§ Data
[Start of Attachment]
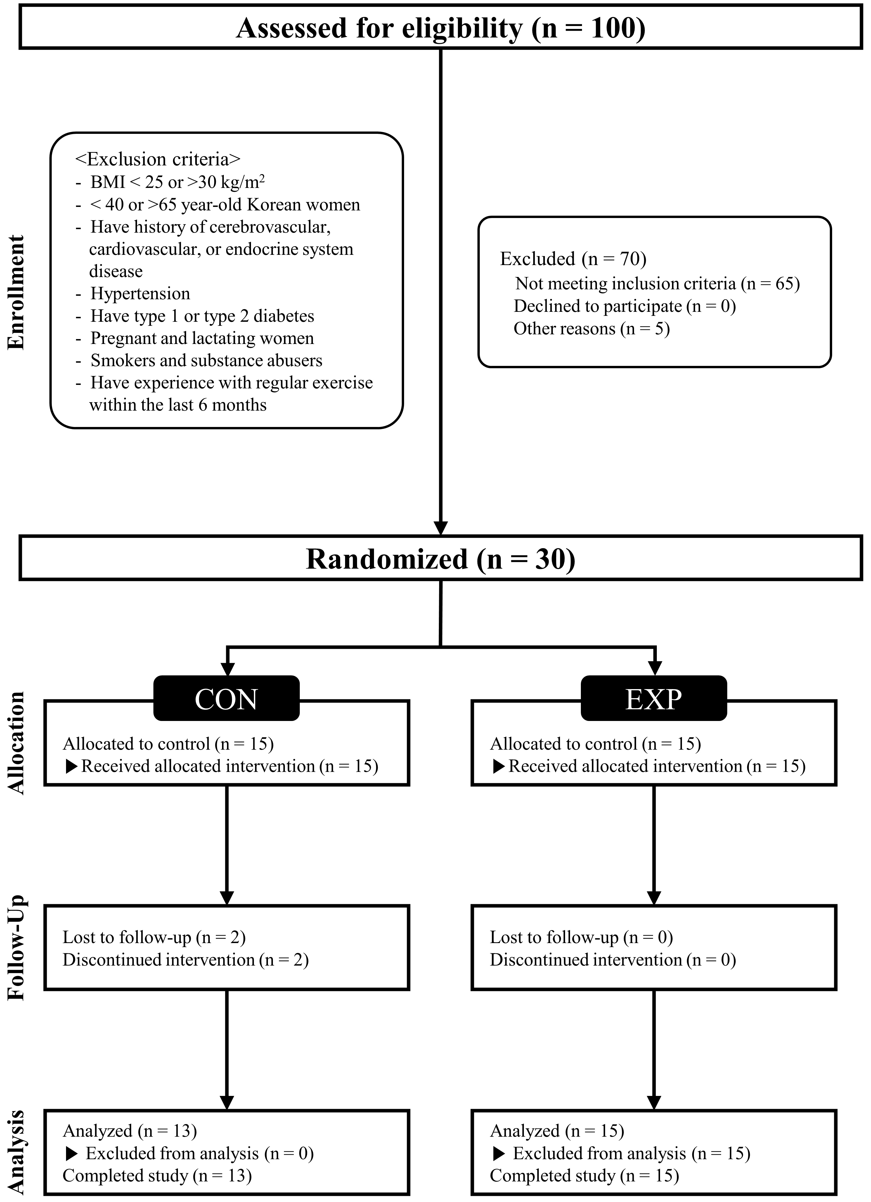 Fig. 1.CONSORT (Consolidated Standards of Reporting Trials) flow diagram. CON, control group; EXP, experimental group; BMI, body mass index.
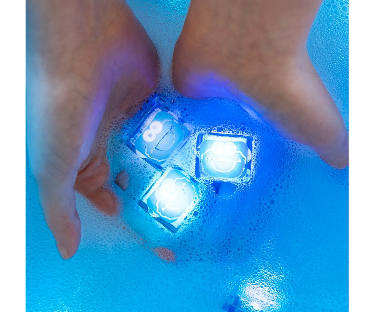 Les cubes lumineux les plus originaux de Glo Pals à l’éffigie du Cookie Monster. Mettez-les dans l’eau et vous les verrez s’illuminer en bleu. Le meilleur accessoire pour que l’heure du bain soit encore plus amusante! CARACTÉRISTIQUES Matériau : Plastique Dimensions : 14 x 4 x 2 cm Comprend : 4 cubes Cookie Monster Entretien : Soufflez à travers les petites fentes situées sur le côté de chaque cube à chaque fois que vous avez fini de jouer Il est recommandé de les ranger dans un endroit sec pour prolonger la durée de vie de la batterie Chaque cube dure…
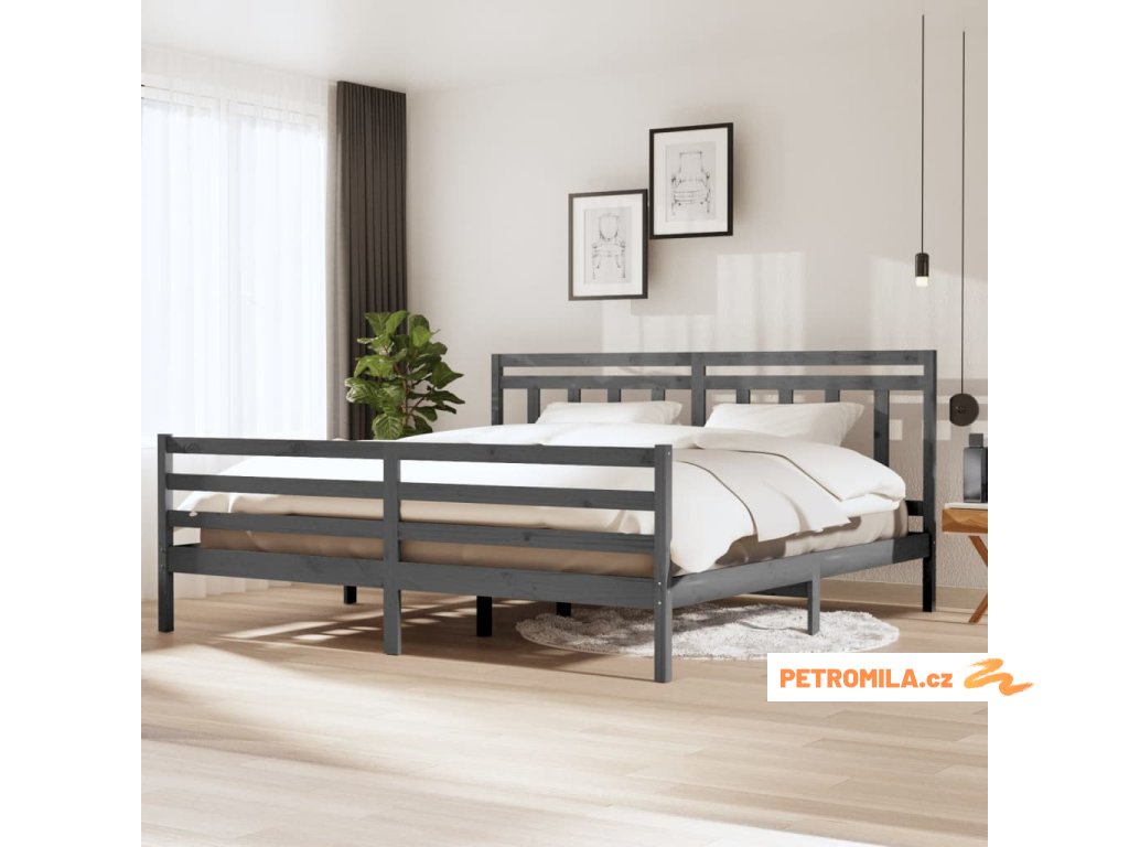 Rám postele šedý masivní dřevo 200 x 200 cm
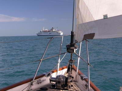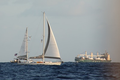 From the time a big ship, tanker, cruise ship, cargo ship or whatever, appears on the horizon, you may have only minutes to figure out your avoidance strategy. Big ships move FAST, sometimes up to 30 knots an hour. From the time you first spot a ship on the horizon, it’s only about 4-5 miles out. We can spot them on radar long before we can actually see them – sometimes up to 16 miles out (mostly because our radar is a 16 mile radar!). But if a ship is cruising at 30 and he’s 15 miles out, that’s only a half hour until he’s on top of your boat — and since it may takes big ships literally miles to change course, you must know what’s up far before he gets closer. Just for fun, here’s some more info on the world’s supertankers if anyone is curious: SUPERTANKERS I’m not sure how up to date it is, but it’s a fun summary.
[End of Attachment]
For this answer, retype the lines from the start of the listing through the line that holds "Rám postele šedý masivní dřevo 200 x 200 cm", inclusive, exactly and without pictures.

§ Answer section
 Fig. 1.CONSORT (Consolidated Standards of Reporting Trials) flow diagram. CON, control group; EXP, experimental group; BMI, body mass index.
 Les cubes lumineux les plus originaux de Glo Pals à l’éffigie du Cookie Monster. Mettez-les dans l’eau et vous les verrez s’illuminer en bleu. Le meilleur accessoire pour que l’heure du bain soit encore plus amusante! CARACTÉRISTIQUES Matériau : Plastique Dimensions : 14 x 4 x 2 cm Comprend : 4 cubes Cookie Monster Entretien : Soufflez à travers les petites fentes situées sur le côté de chaque cube à chaque fois que vous avez fini de jouer Il est recommandé de les ranger dans un endroit sec pour prolonger la durée de vie de la batterie Chaque cube dure…
 Rám postele šedý masivní dřevo 200 x 200 cm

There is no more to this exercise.